Required action: The data below should be printed in full, exactly, and without any of its images.

Information shown:
● ● ● ● ● ● ●

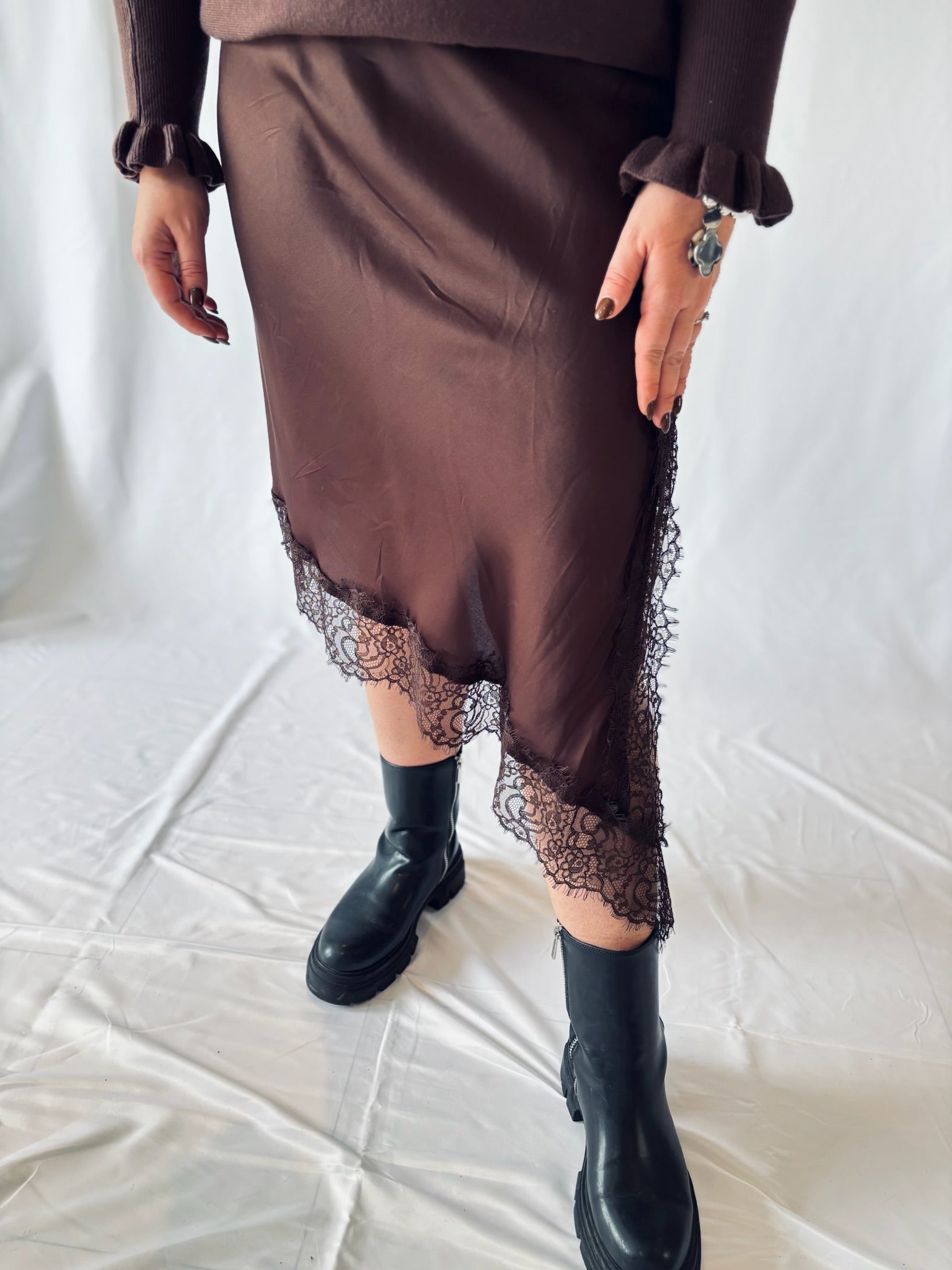 Zart, feminin und edel – der Spitzenrock in Braun ist ein echtes Highlight für festliche Tage. Mit Strick kombiniert wirkt er modern und cozy zugleich.
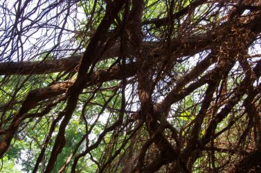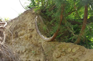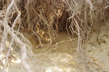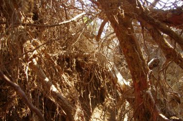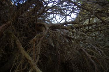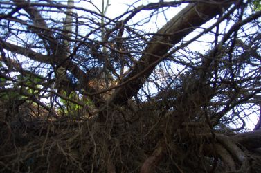 見晴らしのいい高台に、一本の枯木が立っている。その木の周囲の土を掘り起こし、根を露見させる。木は、木だけでなく、周囲のほかの木々や草、大地、太陽、空などすべてと関係を持ちながら存在している――そうした考えのもと、環境と状況を活かしながら木という存在を再認識させる。
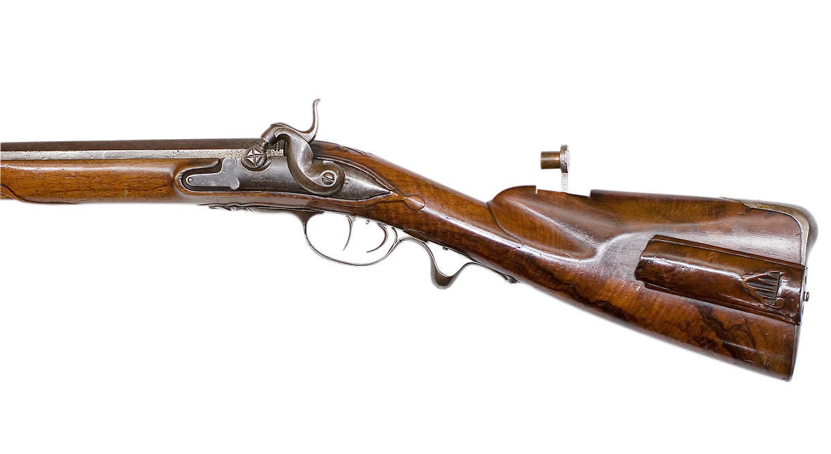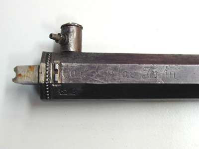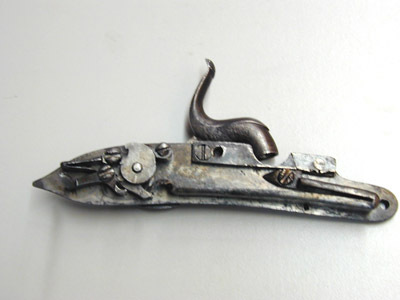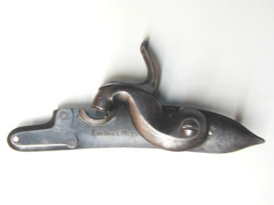 Slagexflintlåsstudsare med lås på vänster sida, pipa P. Siöblad, lås Georg Metzger, Stockholm c 1700.
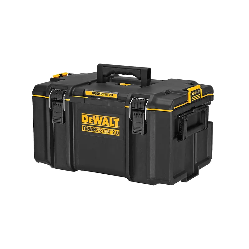 The ToughSystem 2.0 Medium Toolbox has patented auto-connect side latches, allowing for 1 hand operation. It also has 2-piece metal wire front latches for added durability when securing tools inside of the box. This toolbox offers 20% more tool storage when used with DWST08165 and DWST08450 as part of a tower.

● ● ● ● ● ● ●

Response to the exercise:
 Zart, feminin und edel – der Spitzenrock in Braun ist ein echtes Highlight für festliche Tage. Mit Strick kombiniert wirkt er modern und cozy zugleich.
 見晴らしのいい高台に、一本の枯木が立っている。その木の周囲の土を掘り起こし、根を露見させる。木は、木だけでなく、周囲のほかの木々や草、大地、太陽、空などすべてと関係を持ちながら存在している――そうした考えのもと、環境と状況を活かしながら木という存在を再認識させる。
 Slagexflintlåsstudsare med lås på vänster sida, pipa P. Siöblad, lås Georg Metzger, Stockholm c 1700.
 The ToughSystem 2.0 Medium Toolbox has patented auto-connect side latches, allowing for 1 hand operation. It also has 2-piece metal wire front latches for added durability when securing tools inside of the box. This toolbox offers 20% more tool storage when used with DWST08165 and DWST08450 as part of a tower.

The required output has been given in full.